Критерий исключения:
- Пациенты с аллергией на морепродукты
- Пациенты с форсированной жизненной емкостью легких < 75%
- Пациенты с респираторной зависимостью, перенесшие трахеостомию или неспособные глотать.
- Пациенты с сердечно-сосудистыми заболеваниями
- Пациенты с диабетом
- Пациенты с активной пептической язвой
- Диагностика других нейродегенеративных заболеваний (болезнь Паркинсона, болезнь Альцгеймера и др.).
- Пациенты, страдающие другим хроническим значимым заболеванием, злокачественными заболеваниями или любым другим заболеванием, которое может представлять опасность для пациента или мешать интерпретации результатов.
- Пациенты, которые не могут подписать/понять форму информированного согласия.

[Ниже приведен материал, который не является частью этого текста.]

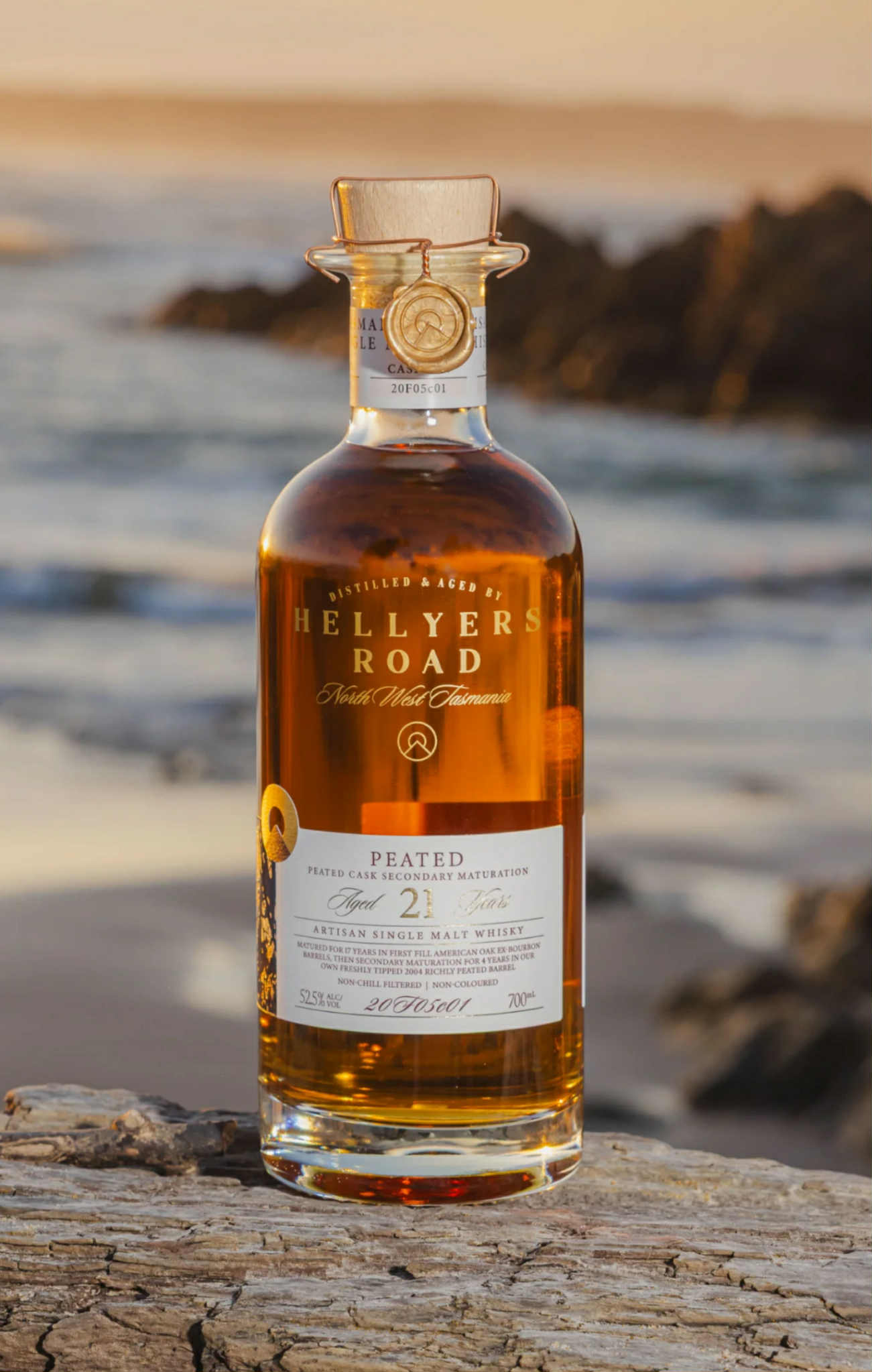 Hellyers Road 21 Year Old Peated Cask Finish – een van Tasmanië’s mooiste single malts én trotse winnaar van Best Australian Single Malt bij de World Whiskies Awards 2025 in Londen.

- Пациенты женского пола, которые беременны или кормят грудью
- Пациенты, получавшие экспериментальный препарат или участвовавшие в клиническом исследовании в течение 1 месяца до скрининга
Учебный план
Как устроено исследование?
Детали дизайна
- Основная цель: Уход
- Распределение: Н/Д
- Интервенционная модель: Одногрупповое задание
- Маскировка: Нет (открытая этикетка)
Оружие и интервенции
Группа участников / Армия |
Вмешательство/лечение |
---|---|
Экспериментальный: Дух1
Пациенты будут принимать ежедневную пищевую добавку в течение 8 месяцев.
|
Spirit 1 представляет собой комбинацию фосфолипидов и антиоксидантных лекарственных растений.
|
Что измеряет исследование?
Первичные показатели результатов
Мера результата |
Мера Описание |
Временное ограничение |
---|---|---|
Переносимость и безопасность в зависимости от количества и тяжести нежелательных явлений (НЯ)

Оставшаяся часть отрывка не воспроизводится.